A footprint perfectly outlined in red. A heavy shoe, a Timberland or a good knockoff. Dez pointed with her Glock.
“I see it,” JT said quietly as they moved up the steps.
“… please … God…” Lucas Chestnut’s voice was faint, depleted. Dez already knew that they weren’t hurrying up the steps to save him. He sounded hurt, and the day they’d lived through had taught them that “hurt” was a death sentence. No matter how small a bite, it was as good as a bullet to the heart.
They rounded the last turn in the stairwell and found another footprint.
And a foot.
The shoe, ankle, and part of the shin stood on the top step. The rest of their owner was twenty feet down the hall, crawling along, inch by inch, toward a man who sat with his back to the door of the English room. A bloody fire ax lay across the man’s thigh, and his body was covered with bites. Dozens of them.
Two other figures crouched on either side of him. One held Lucas Chestnut’s arm in both of her hands, and as Dez watched she bent and sank her teeth into the flabby flesh on the inside of the teacher’s elbow. The other person, a teenage boy, knelt and worked at Chestnut’s abdomen, biting and tearing to get through the tough abdominal wall. The zombie with the missing leg crawled inexorably forward, moaning piteously at the meal it longed to share.
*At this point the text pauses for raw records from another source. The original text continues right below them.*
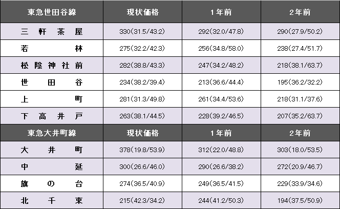 中延は3.4%増で300万円の大台に乗せた。北千束は11.9%減で唯一の下落駅となった。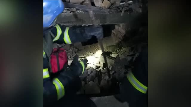 Footage shows resident Kim Dobles partying with family when she stood on the plastic monobloc that slumped in Rizal province, the Philippines on October 9. 2022-10-13 17:06:55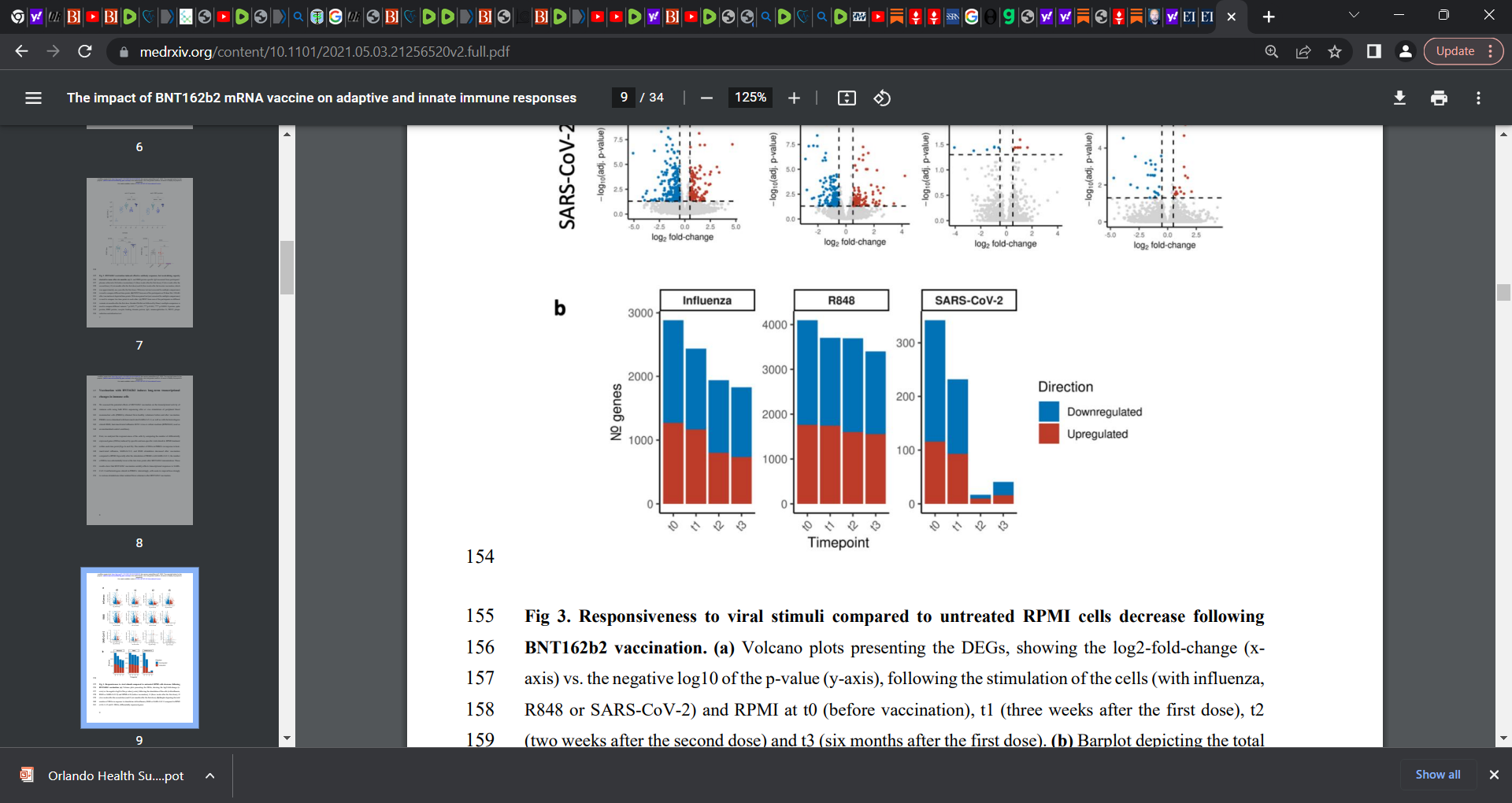 also observed long-term transcriptional changes in immune cells after vaccination, as assessed by RNA sequencing. Additionally, vaccination with Pfizer BNT162b2 modulated innate immune responses as measured by the production of inflammatory cytokines when stimulated with various microbial stimuli other than SARS-CoV-2, including higher IL-1/IL-6 release and decreased production of IFN-α. Altogether, these data expand our knowledge regarding the overall immunological effects of this new class of vaccines.’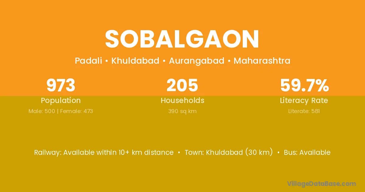 Khuldabad (30 km) is the nearest town to Sobalgaon village for major economic activities and is located approximately 30 km away.

Chestnut was too weak to scream. He sobbed and shook his head over back and forth in a permanent denial of what was happening. Then, as Dez and JT stepped out of the stairwell, Chestnut turned his streaming eyes toward them.
“Please…” he begged weakly. “For the love of God … please stop this…”
Not stop them. Stop this.
Dez heard JT inhale with a hiss.
“Steady on, Hoss,” she said softly and stepped past him. The maimed zombie heard her first and he turned and snarled. Black saliva dripped from his lips. Dez recognized him as one of the janitors. Roger somethingorother.
She raised the Glock and fired. The bullet caught Roger in the temple and the force blew one of his eyes out of the socket. He collapsed forward, the bones of his face crunching onto the hard floor. Behind her, Dez heard JT gag.
Dez did not look. She shifted the barrel of the Glock to the teenage boy.
Bang.
Then the woman, a stranger.
Bang.
Lucas Chestnut raised his eyes to her. Blood bubbled from between his lips.
“Please…” he begged.
Bang.
Dez lowered the gun and closed her eyes.
Behind her a door creaked and she whirled just as JT bellowed in surprise, his cry mingling with moans as the dead poured out into the hall. Five of them. No, more. Eight or nine!
“JT, look out!”
JT went down under a pile of them and the impact made him jerk his finger on the trigger. The blast hit one of the dead above the elbow and blew away her arm. She did not even pause as she flung herself at JT.
Dez fired three fast shots at the infected who were still standing, killing two and sending one staggering backward toward the top of the stairs. The creature fell and went tumbling and crashing down out of sight.
Under the pile, JT pivoted his big shoulders and smashed the shotgun across a zombie’s face, knocking the creature off of him. The dead man fell with a swatch of JT’s shirt between its teeth. Another of the dead immediately lunged into the opening and then Dez was there, kicking at them, slamming the steel toe of her shoe into the temple of one, stamping her heel down on another’s spine, using her free hand to grab one by the belt and pull him back. When that zombie hissed and turned toward her, she pistol-whipped his mouth away from her and then shot him through the ear. JT rammed the barrel of his shotgun under the chin of the closest infected and pulled the trigger, blowing the thing’s scalp and brains all the way to the ceiling.